### Entries supplied
───
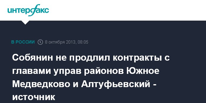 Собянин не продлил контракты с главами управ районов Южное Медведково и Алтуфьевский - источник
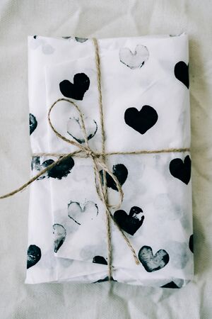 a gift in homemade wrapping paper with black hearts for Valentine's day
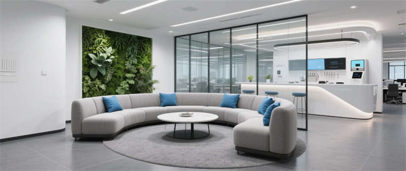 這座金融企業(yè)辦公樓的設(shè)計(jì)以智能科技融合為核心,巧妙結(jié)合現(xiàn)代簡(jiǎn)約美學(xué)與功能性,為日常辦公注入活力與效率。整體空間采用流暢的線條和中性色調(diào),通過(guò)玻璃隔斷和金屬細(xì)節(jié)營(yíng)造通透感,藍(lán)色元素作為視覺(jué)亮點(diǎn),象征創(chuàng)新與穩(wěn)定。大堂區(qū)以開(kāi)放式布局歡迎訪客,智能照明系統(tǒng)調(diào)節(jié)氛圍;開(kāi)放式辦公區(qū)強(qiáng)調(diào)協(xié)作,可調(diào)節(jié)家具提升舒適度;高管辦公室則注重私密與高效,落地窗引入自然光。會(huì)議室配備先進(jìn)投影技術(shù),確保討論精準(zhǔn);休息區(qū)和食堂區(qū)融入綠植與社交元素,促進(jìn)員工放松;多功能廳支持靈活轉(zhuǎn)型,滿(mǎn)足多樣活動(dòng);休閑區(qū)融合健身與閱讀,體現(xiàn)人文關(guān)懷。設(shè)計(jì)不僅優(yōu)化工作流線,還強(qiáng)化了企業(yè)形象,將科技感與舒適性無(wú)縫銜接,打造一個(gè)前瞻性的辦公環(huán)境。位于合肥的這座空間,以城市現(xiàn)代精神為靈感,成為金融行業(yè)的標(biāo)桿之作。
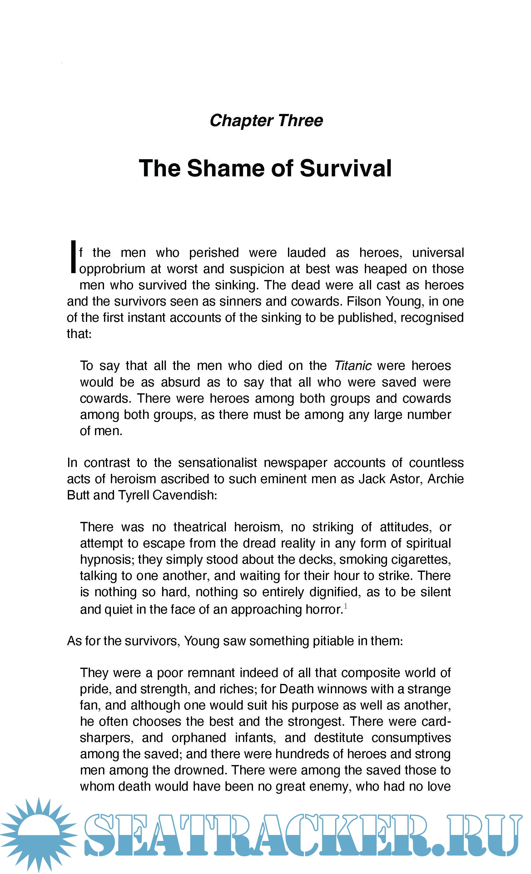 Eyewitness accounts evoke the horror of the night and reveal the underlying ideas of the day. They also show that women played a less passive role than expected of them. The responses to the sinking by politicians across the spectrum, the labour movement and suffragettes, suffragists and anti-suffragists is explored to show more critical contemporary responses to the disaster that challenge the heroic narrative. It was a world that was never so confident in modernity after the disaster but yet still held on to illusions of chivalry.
───
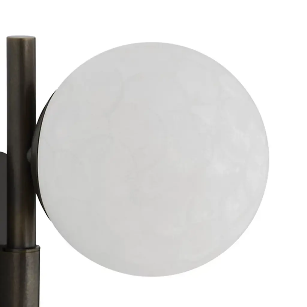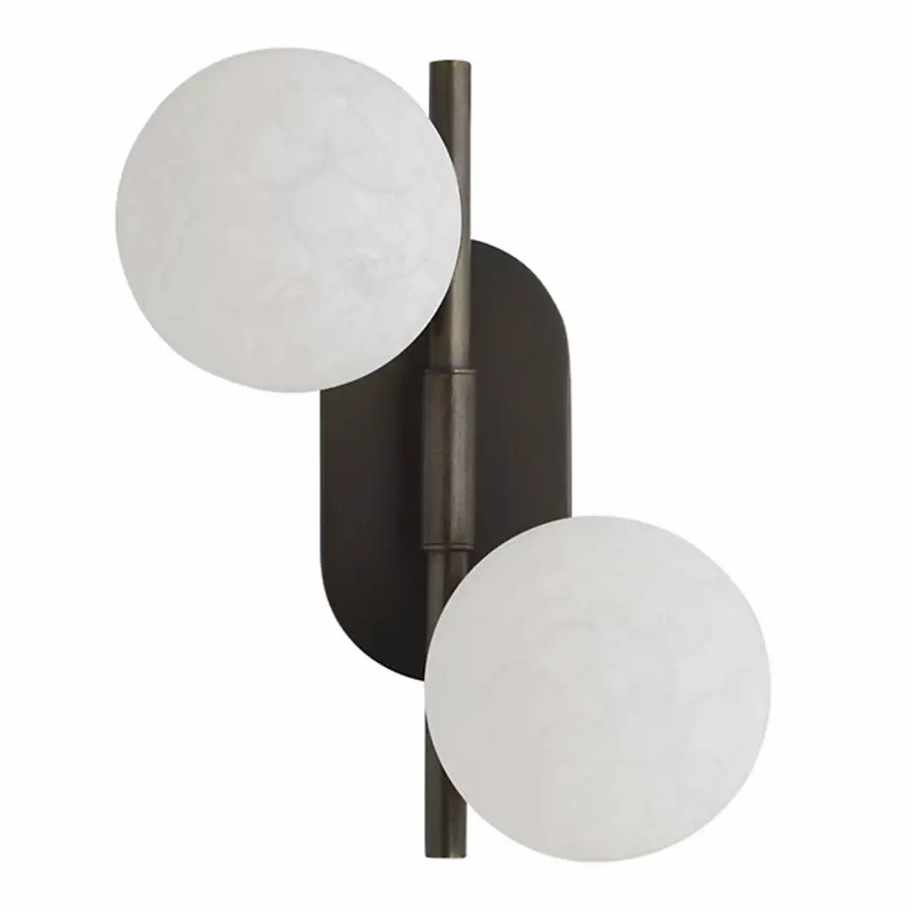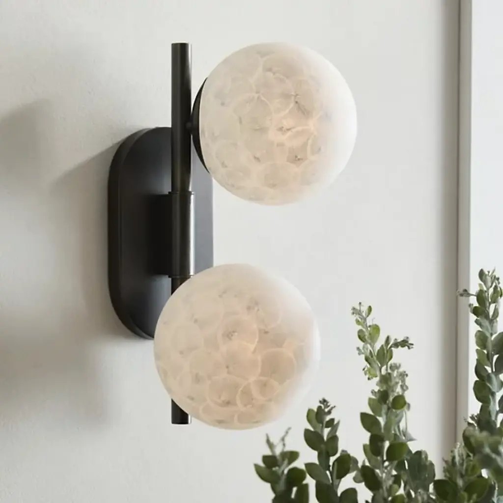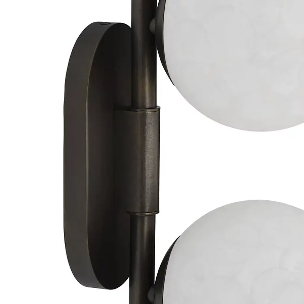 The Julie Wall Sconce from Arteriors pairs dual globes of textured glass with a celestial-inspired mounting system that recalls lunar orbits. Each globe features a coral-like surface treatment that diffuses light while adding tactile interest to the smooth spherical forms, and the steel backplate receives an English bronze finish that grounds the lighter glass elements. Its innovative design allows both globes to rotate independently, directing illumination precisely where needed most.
───
### Exercise aim
Reproduce the listing above only between the lines holding "這座金融企業(yè)辦公樓的" and "Eyewitness accounts evoke", inclusive. Every line must match exactly, and pictures are dropped.

### Finished task
 這座金融企業(yè)辦公樓的設(shè)計(jì)以智能科技融合為核心,巧妙結(jié)合現(xiàn)代簡(jiǎn)約美學(xué)與功能性,為日常辦公注入活力與效率。整體空間采用流暢的線條和中性色調(diào),通過(guò)玻璃隔斷和金屬細(xì)節(jié)營(yíng)造通透感,藍(lán)色元素作為視覺(jué)亮點(diǎn),象征創(chuàng)新與穩(wěn)定。大堂區(qū)以開(kāi)放式布局歡迎訪客,智能照明系統(tǒng)調(diào)節(jié)氛圍;開(kāi)放式辦公區(qū)強(qiáng)調(diào)協(xié)作,可調(diào)節(jié)家具提升舒適度;高管辦公室則注重私密與高效,落地窗引入自然光。會(huì)議室配備先進(jìn)投影技術(shù),確保討論精準(zhǔn);休息區(qū)和食堂區(qū)融入綠植與社交元素,促進(jìn)員工放松;多功能廳支持靈活轉(zhuǎn)型,滿(mǎn)足多樣活動(dòng);休閑區(qū)融合健身與閱讀,體現(xiàn)人文關(guān)懷。設(shè)計(jì)不僅優(yōu)化工作流線,還強(qiáng)化了企業(yè)形象,將科技感與舒適性無(wú)縫銜接,打造一個(gè)前瞻性的辦公環(huán)境。位于合肥的這座空間,以城市現(xiàn)代精神為靈感,成為金融行業(yè)的標(biāo)桿之作。
 Eyewitness accounts evoke the horror of the night and reveal the underlying ideas of the day. They also show that women played a less passive role than expected of them. The responses to the sinking by politicians across the spectrum, the labour movement and suffragettes, suffragists and anti-suffragists is explored to show more critical contemporary responses to the disaster that challenge the heroic narrative. It was a world that was never so confident in modernity after the disaster but yet still held on to illusions of chivalry.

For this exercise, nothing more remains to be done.